Nochtans heeft men schande van de

meeste,

Al overal al te alle feesten,

60. Geleende klederen te dragen aan.

En is dat geleende gedaan

Alzo grote schande niet?

Ja het, die het terecht goed beziet.

Nog meer zeldzaam is haar zede;

65. Want in alle wonderlijkheden

Zetten ze al hun begeerte:

Ze slepen na zich hun lange staarten

Gelijk serpenten, 2 ellenbogen lang,

Die hen volgen naar hun gang,

70. En hebben daar genoegen in,

En zetten immer hun zin,

Hun gedachte en hun gemoed,

Tegen natuur en tegenspoed.

Ze hebben liever beesten gedaante

75. Dan menselijkheid te dragen aan.

Het wijf kan ook kort zwijgen,

Maar morren, schelden en krijsen,

Daartoe staat altijd hun gemoed.

Er zijn weinig mannen zo verstandig

80. Dat hij zijn wijf, als hij wil,

Kan laten zwijgen stil;

Maar vaak spreken doet hij ze direct,

Ja, veel meer dan ze weet.

Behendig, subtiel bijzonder

85. Zo is het wijf in alle ding

Daar bedriegen toe behoort,

Want ze kunnen gelaat en woord

En veinzen beter dan iemand anders.

Dat hebben ze getoond wel

90. Hier tevoren aan menige man

Die de wijste waren nochtans

Die men in de wereld wist,

Die bedrogen ze met list,

Beide, Adam en Sampson,

95. David en Salomon,

En daartoe menig wijze man

100. Die ik niet noemen kan.

Wat helpt het dat ik veel zei

Van de wijven wonderlijkheid?

In mocht u binnen 8 dagen

Al geheel niet gewagen;

Want er is filosoof nog profeet,

Nog andere meester nog apotheek,

Ze dichten allen en schrijven

105. Van de wonderlijkheid van de vrouwen.
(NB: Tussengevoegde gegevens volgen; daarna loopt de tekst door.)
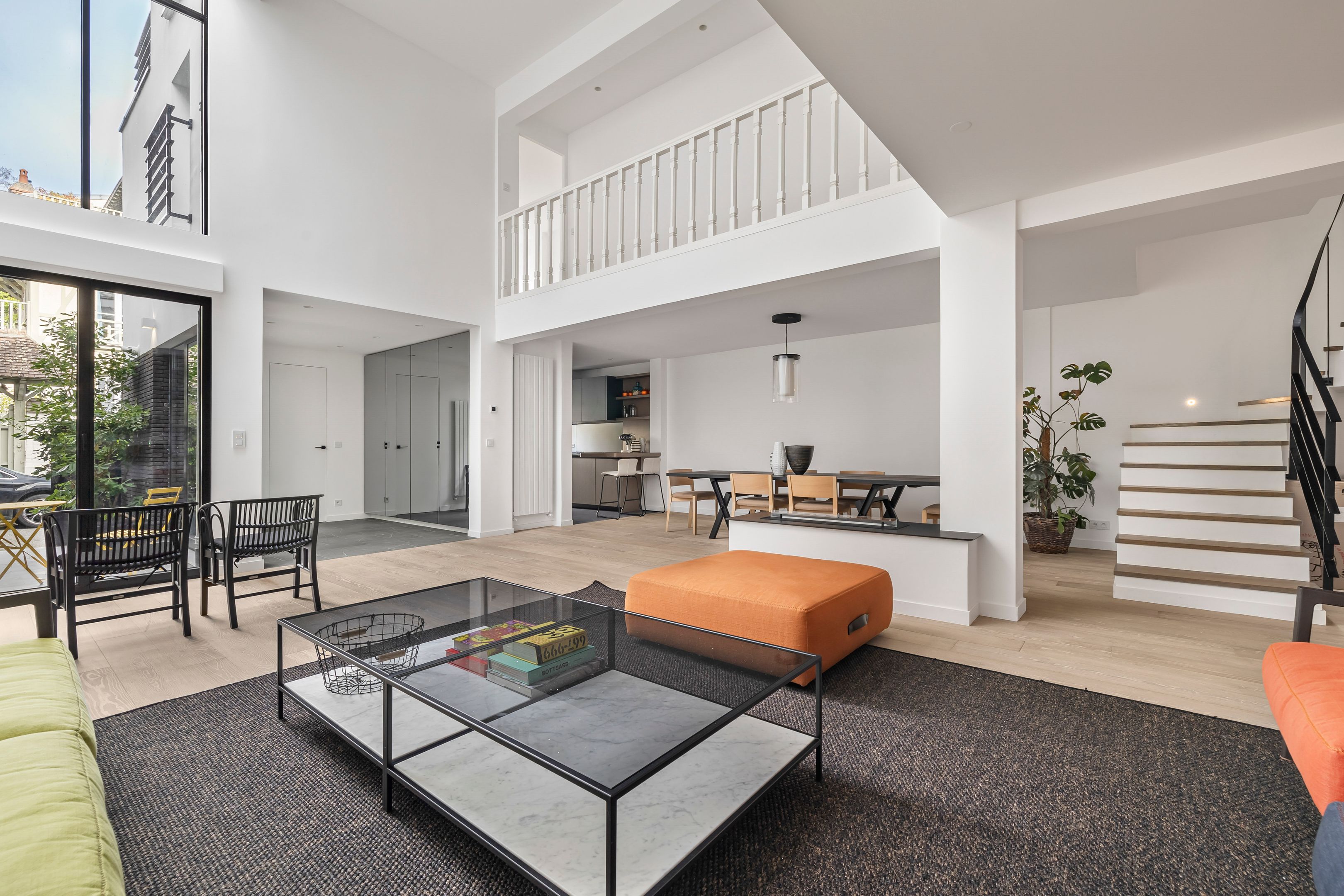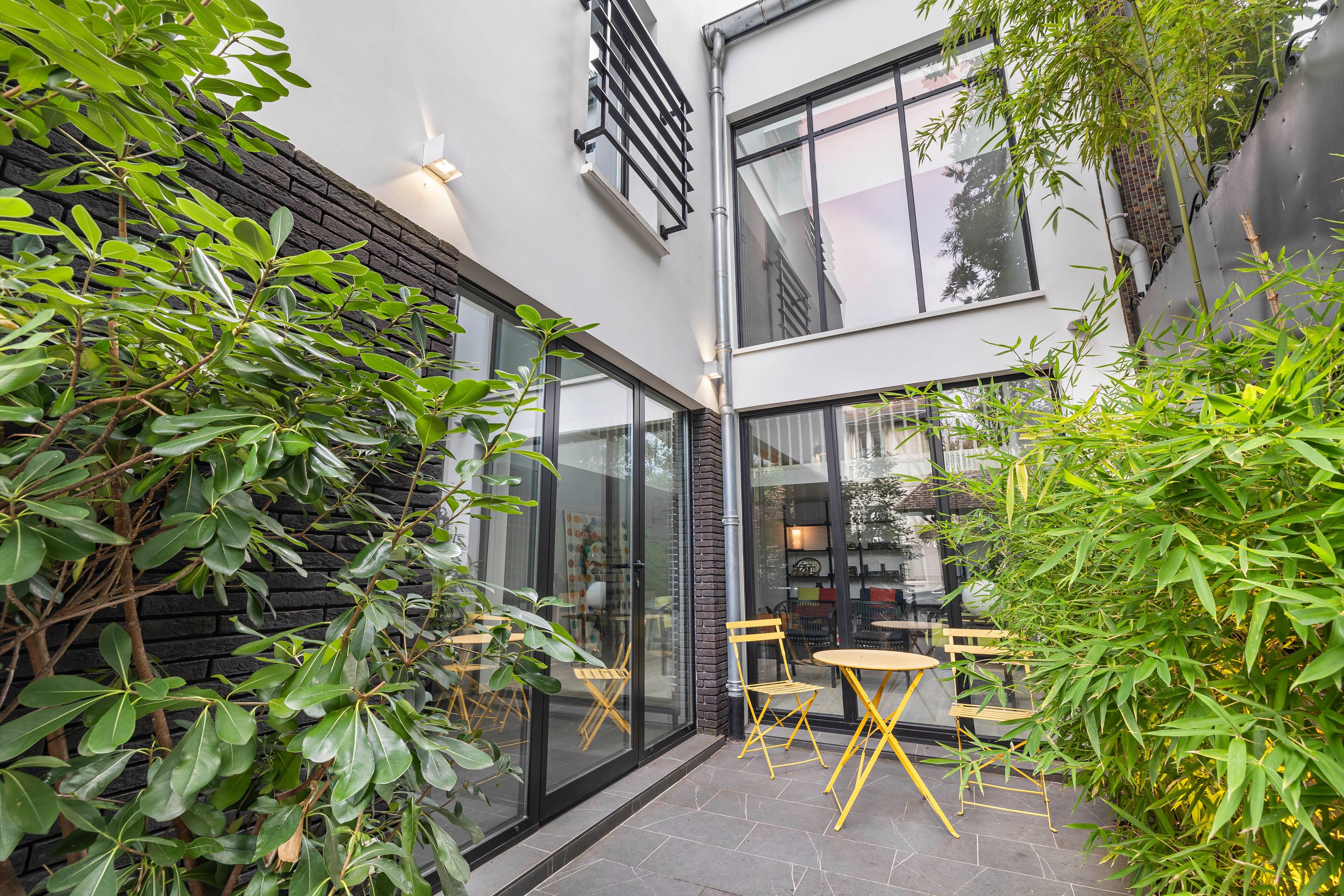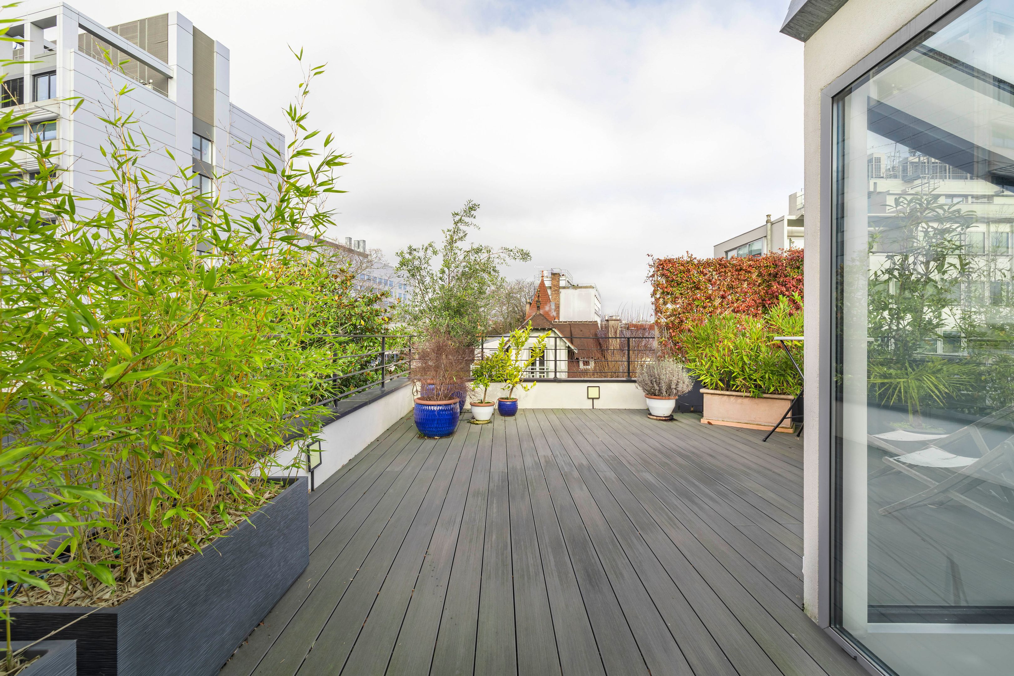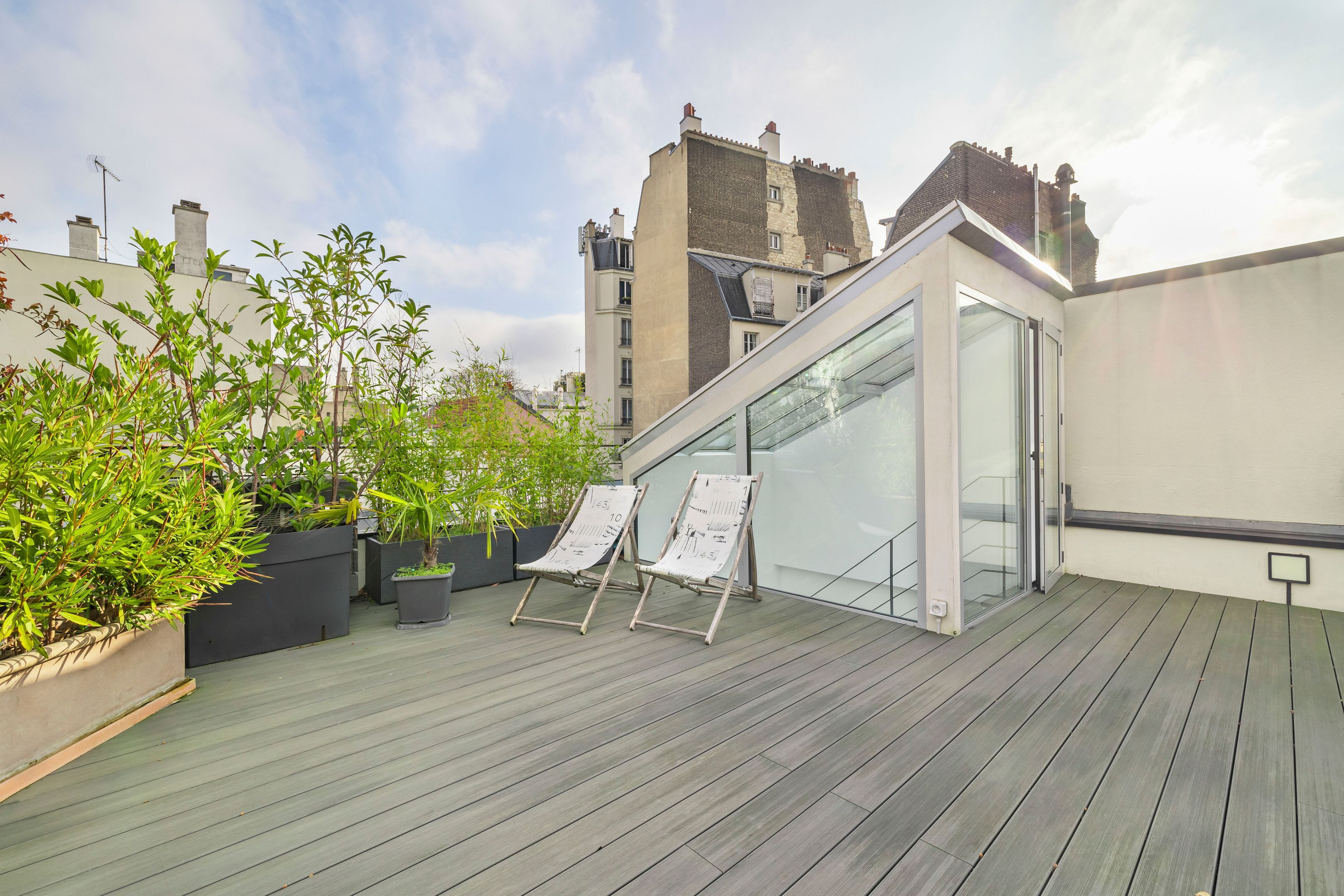 À proximité immédiate du parc Montsouris, dans une allée privée sécurisée et au calme, très belle maison de 220m² bénéficiant d'une rénovation de standing et d'un vaste toit terrasse. Au rez-de-chaussée : patio de 12m² desservant l'entrée, grand séjour baigné de lumière, cuisine ouverte équipée, toilettes invités, buanderie. Au 1er étage : mezzanine, suite parentale (salle de bains, dressing, toilettes). Au 2e étage : 3 chambres chacune avec salle d'eau, large balcon de 13m² accessible depuis 2 chambres, toilettes. Au 3e étage : exceptionnel toit-terrasse de 42m². 2 places de parking.

Daarom is het zotheid en anders niet

Dat ik ervan schrijf iets.

En niemand die dit zal zien

Begrijpt mij in die

110. Dat ik dit zeg van goede vrouwen,

Daar men alle deugd aan mag aanschouwen,

Want aan hen mochten allen die leven

Ten volle de prijs niet geven.

Geschreven en omgezet door Nico Koomen.

(korte versie)

Auteur: Onbekend

Aard: Rijm

BRON Oxford, Bodleian Library, Marshall 29

Datum: 1390-1410

Omvang: 112 verzen

Opm.: Het handschrift telt 102 bladen, per blad 2 kolommen, 49 regels per kolom. Noch meer vanden wiven bevindt zich op fol. 45v-46r. De codex bevat achtereenvolgens: Melibeus (fol. 1-22r), Jans teesteye (fol. 24v-45v), Noch meer van wiven (fol. 45v-46r), Van ghevene (fol. 46r-46v), het Boec vander wraken (fol. 48r-78v), Van Maskeroen (fol. 80r-86v), Van Saladijn (fol. 86v-88r), de Tien plaghen ende die tien ghebode (fol. 88v-101r), Noch die tien ghebode (fol. 101r-v) en Noch van Salladine (fol. 101v-102r).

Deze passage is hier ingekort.